2: When You Stop Taking Care of YOU
To me, this is the most important thing about knowing when to say no. When you find yourself saying yes to everything its hard to ever get a minute to yourself. Life is busy enough that without a minute to yourself, you may find yourself going a bit crazy. Self-care is just as important as self-love. I actually think they go hand in hand. I've just started getting better at self-care which is sad, but it is what it is. I have always been the person that never stops. I sit and think that if I have time to stop and breathe, take a bath, paint my nails whatever it is, I have time to do something more productive. It's kind of sad mindset because self-care actually makes you more efficient with your work in the end.
Without taking time to do something you need or love aside from just working or always trying to progressive forward is not a good way to live. When you get so busy saying yes to everything it makes it really hard to fit in anytime to breathe.That's when knowing when to say no becomes a big factor in your life. For me, saying no to my friends was really difficult, but in the end when I had more time to sit with my husband, relax on the couch with my favorite magazine or had time to bake some goodies just for fun I found myself way happier.

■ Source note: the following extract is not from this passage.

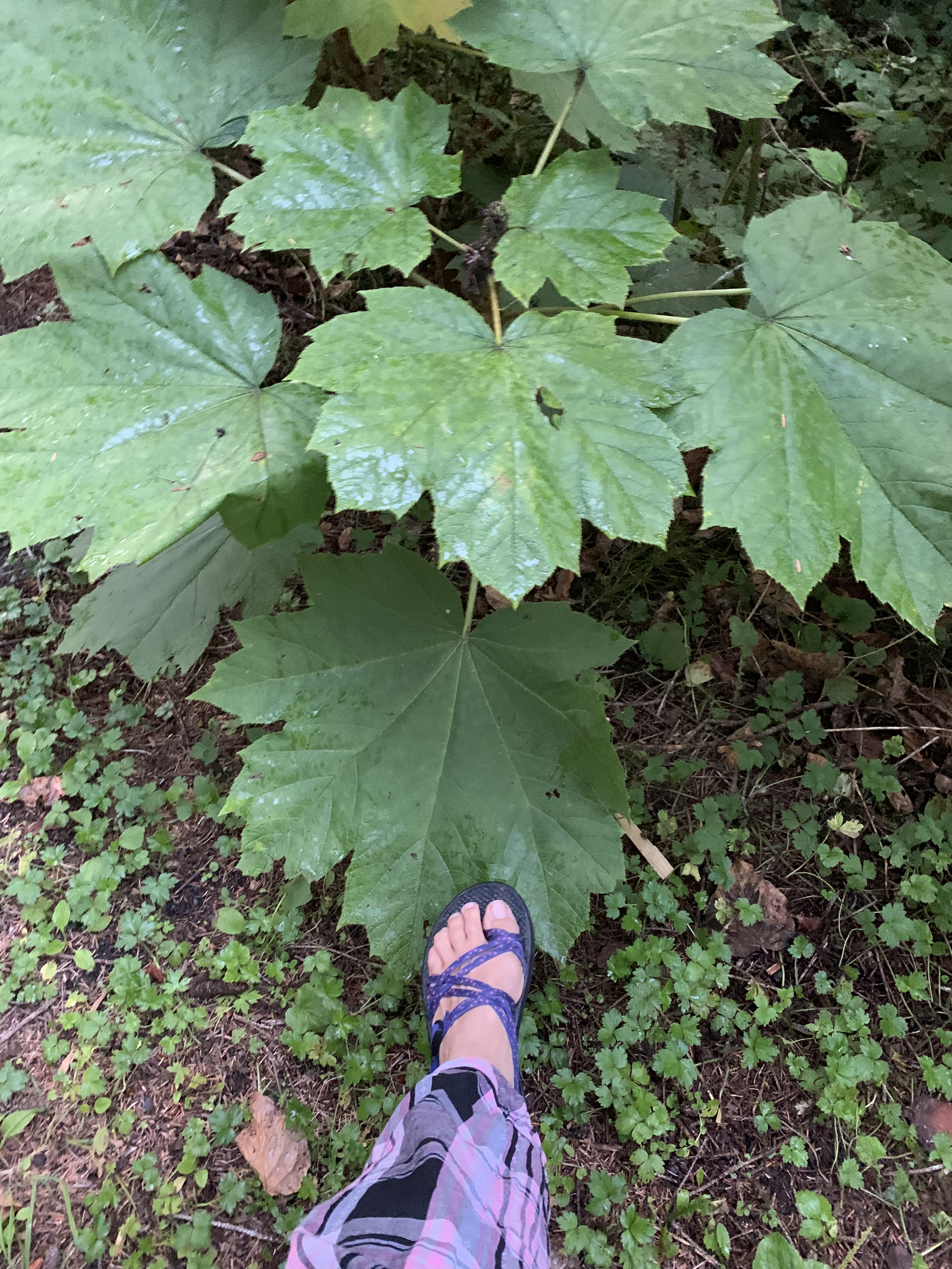 Oh I forgot to mention lovely large trees and this plant and this mornings’ fog out our view as I walk to the bathrooms/showers!!!

You can do anything but not everything.
The best thing about good friends is they understand. They understand the craziness of life and they understand the saying no is everyones own preference. They also know that they'll see you again. Events will come and go always, but making sure to take care of yourself is something that can really effect you in the long run.
3: When You Start Slacking on Your To-do List
You would think this is a given, but surprisingly it's weird how quickly things can start to get away from you. When I started growing more and more into the idea of living an entrepreneurial lifestyle it quickly became apparent that saying yes to every fun thing I was invited to wan't going to work. I started to realize that part of the reason I was always working was because I was setting myself up for failure. By constantly committing my time to friends and family I ended up staying up later and later to finish things on my list. If I didn't finish things I would go into a deep circle of getting down on myself that id din't do something. As you can imagine, this is super counterproductive.
Slacking on my to-do list didn't allow me anytime for self-care. I found myself exhausted and in a constant circle of not having enough time for anything. It also led me to not enjoy myself at any of the things I was invited too anymore. I would find myself thinking about everything I wasn't doing or wasn't finishing and stressed myself out so much that I would sleep at night. I wasn't able to be productive and I wasn't able to ever really grow in my businesses. Are you catching on?
What you allow is what will continue.
Not knowing when to say no leads to a lot of negativity. It's such an important lesson to learn especially as your life continues to grow and change. Like I stated earlier, being pregnant has made it a lot easier and I'm totally not mad about it. In September Kirby's and I life is going to change forever and by learning to say no we've lost that feeling of FOMO (fear of missing out) and we've stopped feeling guilty for choosing to do whats best for us and our little family. Even if you're not pregnant, make it easier on yourself by starting to say no now. Focus on the importance of self-care and self-love. I talked a lot about this in my post 3 Ways to Start Loving Yourself More. By doing so everything else will start to fall into place.